▶ **Problem to solve**:
The answer is a stretch of the material below, returned exactly: the line containing "Одним из центральных", the line containing "Supreme looking nymphs", and all lines between.

▶ **Dataset excerpts**:
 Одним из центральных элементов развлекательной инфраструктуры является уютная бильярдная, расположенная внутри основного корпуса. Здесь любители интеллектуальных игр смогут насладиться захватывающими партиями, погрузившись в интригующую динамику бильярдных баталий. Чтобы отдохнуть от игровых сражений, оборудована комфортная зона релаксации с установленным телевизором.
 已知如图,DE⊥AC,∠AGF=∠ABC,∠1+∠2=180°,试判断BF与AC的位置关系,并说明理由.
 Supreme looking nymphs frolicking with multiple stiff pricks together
...
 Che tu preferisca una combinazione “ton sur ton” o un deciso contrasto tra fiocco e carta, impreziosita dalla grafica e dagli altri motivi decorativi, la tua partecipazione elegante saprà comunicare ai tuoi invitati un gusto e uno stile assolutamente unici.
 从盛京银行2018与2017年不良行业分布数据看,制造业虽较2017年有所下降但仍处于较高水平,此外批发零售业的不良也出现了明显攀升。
==
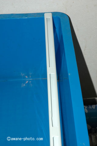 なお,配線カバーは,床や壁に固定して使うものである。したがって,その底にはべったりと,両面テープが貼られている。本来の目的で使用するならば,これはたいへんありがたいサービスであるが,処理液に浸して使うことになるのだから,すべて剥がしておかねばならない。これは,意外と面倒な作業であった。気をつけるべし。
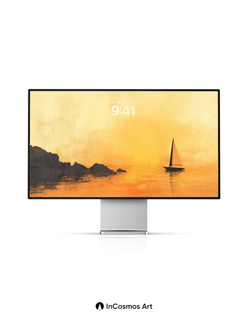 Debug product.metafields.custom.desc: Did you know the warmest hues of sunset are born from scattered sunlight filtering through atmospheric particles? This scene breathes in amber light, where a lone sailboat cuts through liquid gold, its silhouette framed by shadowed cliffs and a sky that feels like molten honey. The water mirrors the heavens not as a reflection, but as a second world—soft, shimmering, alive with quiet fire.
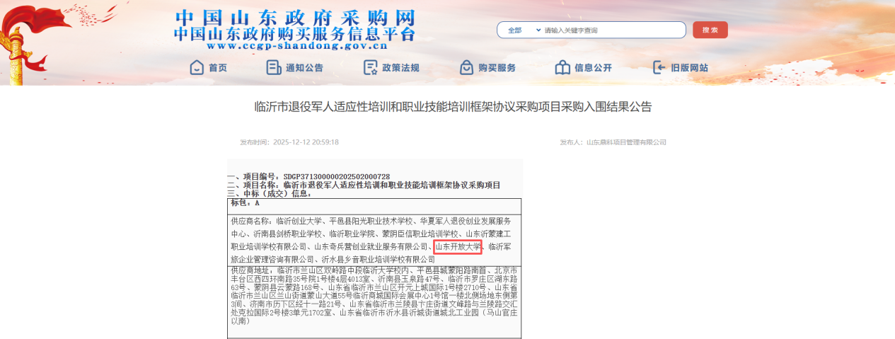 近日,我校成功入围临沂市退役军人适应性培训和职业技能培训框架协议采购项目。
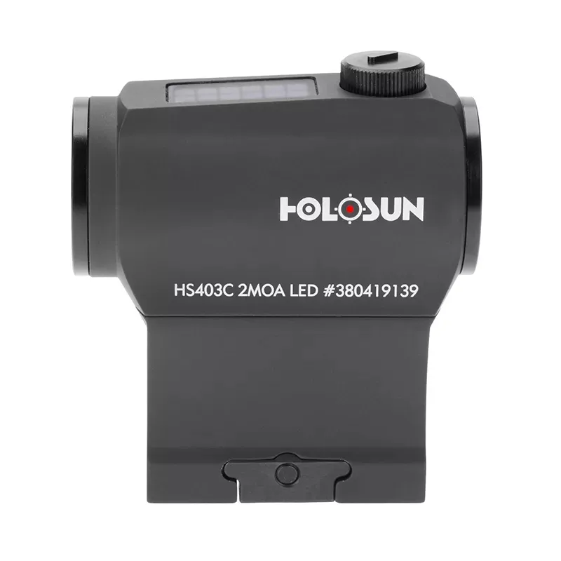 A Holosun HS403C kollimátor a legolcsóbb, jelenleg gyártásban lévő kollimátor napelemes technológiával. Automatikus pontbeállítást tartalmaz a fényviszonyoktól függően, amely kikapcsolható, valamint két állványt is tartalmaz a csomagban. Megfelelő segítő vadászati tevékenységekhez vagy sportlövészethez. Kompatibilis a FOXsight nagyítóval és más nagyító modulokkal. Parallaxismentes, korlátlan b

▶ **Exercise output**:
 Одним из центральных элементов развлекательной инфраструктуры является уютная бильярдная, расположенная внутри основного корпуса. Здесь любители интеллектуальных игр смогут насладиться захватывающими партиями, погрузившись в интригующую динамику бильярдных баталий. Чтобы отдохнуть от игровых сражений, оборудована комфортная зона релаксации с установленным телевизором.
 已知如图,DE⊥AC,∠AGF=∠ABC,∠1+∠2=180°,试判断BF与AC的位置关系,并说明理由.
 Supreme looking nymphs frolicking with multiple stiff pricks together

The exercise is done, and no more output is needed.